Keith Null

No. 9
- Position: Quarterback

Personal information
- Born: September 24, 1985 (age 40) Lampasas, Texas, U.S.
- Listed height: 6 ft 4 in (1.93 m)
- Listed weight: 222 lb (101 kg)

Career information
- High school: Lampasas
- College: West Texas A&M
- NFL draft: 2009: 6th round, 196th overall pick

Career history
- St. Louis Rams (2009); Jacksonville Jaguars (2010)*; Carolina Panthers (2010);
- * Offseason and/or practice squad member only

Awards and highlights
- 2× All-Lone Star Conference (2007, 2008);

Career NFL statistics
- Passing attempts: 119
- Passing completions: 73
- Completion percentage: 61.3%
- TD–INT: 3–9
- Passing yards: 566
- Passer rating: 49.9
- Stats at Pro Football Reference

= Keith Null =

American football player (born 1985)

Keith Aaron Null (born September 24, 1985) is an American former professional football player who was a quarterback in the National Football League (NFL). He played college football for the West Texas A&M Buffaloes and was selected by the St. Louis Rams in the sixth round of the 2009 NFL draft. Null was also a member of the Jacksonville Jaguars and Carolina Panthers.

==College career==
Null started in two seasons at West Texas A&M University, throwing for over 9,000 yards in his two seasons as a starter for the Buffaloes. He was awarded all-conference honors as a junior and senior. As a junior, Null threw for 4,134 yards with 41 touchdowns and 14 interceptions, including a 498-yard, six-touchdown outburst against Washburn. After settling in as a junior, Null exploded for one of the most prolific passing seasons at any collegiate level as a senior. He finished the season with 5,097 yards and 48 touchdowns with 15 interceptions.

==Professional career==

===St. Louis Rams===
Null was selected by the St. Louis Rams in the sixth round of the 2009 NFL draft. In week 14, he made his first professional start, filling in for the injured Marc Bulger and Kyle Boller.
In his first regular season start Keith completed 27 of 43 passes and threw for one touchdown and five interceptions in a 47-7 loss to the Tennessee Titans.

Null was cut by the St. Louis Rams before the 2010 regular season campaign began.
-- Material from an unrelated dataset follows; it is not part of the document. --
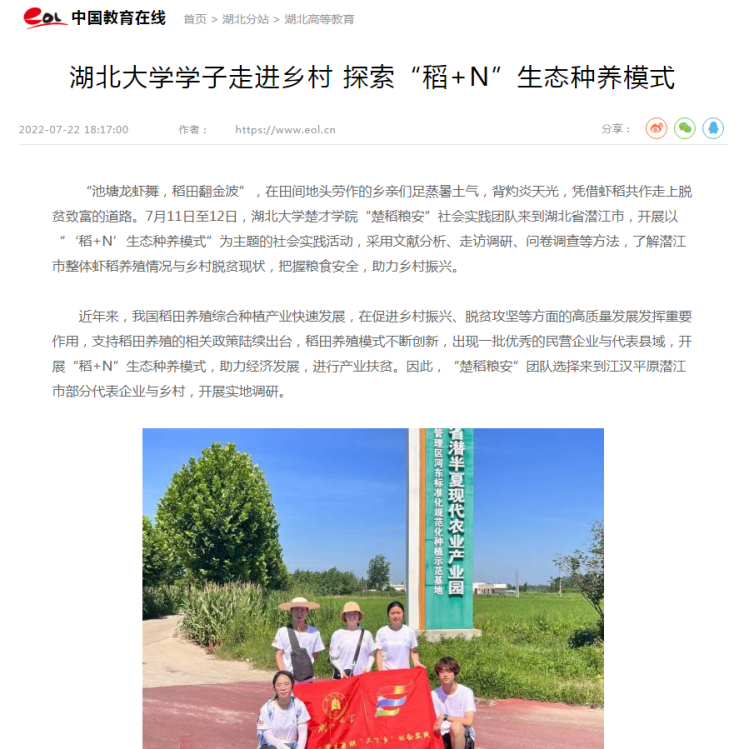 【媒体楚才】中国教育在线报道公司“楚稻粮安”社会实践团队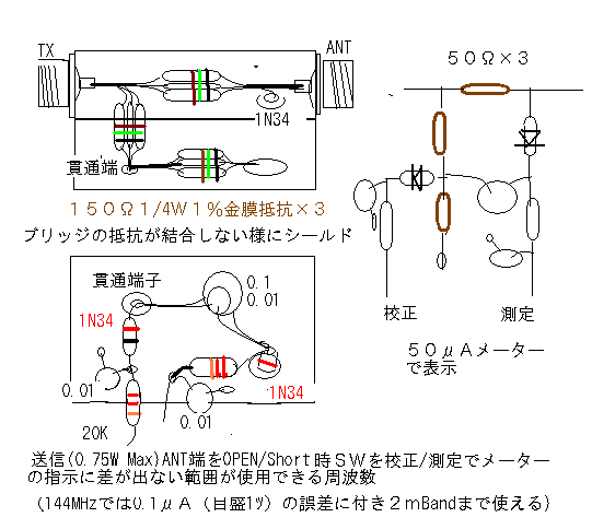 抵抗ブリッジで周波数特性は広帯域(1.9MHz〜144MHz)計測が可能、150Ω1wの抵抗

===Jacksonville Jaguars===
Null was signed to the Jacksonville Jaguars' practice squad on September 27, 2010. He was released on September 30.

===Carolina Panthers===
Null joined the Carolina Panthers' practice squad on November 23, 2010. He was called up to the active roster December 3 following a season-ending injury to Tony Pike.

===Statistics===

| Year | Team | GP | GS | Passing |  |  |  |  |  |  |  | Rushing |  |  |  |
| Cmp | Att | Pct | Yds | Y/A | TD | Int | Rtg | Att | Yds | Avg | TD |
| 2009 | STL | 4 | 4 | 73 | 119 | 61.3 | 566 | 4.8 | 3 | 9 | 49.9 | 5 | 6 | 1.2 | 0 |

Source:

==Personal life==
Null is currently the Campus Pastor at Renew Life Church in Lubbock, Texas where he lives with his wife and three children. In 2014, he began to coach football to area kids at the Keith Null Quarterback and Receiver Mini Camp.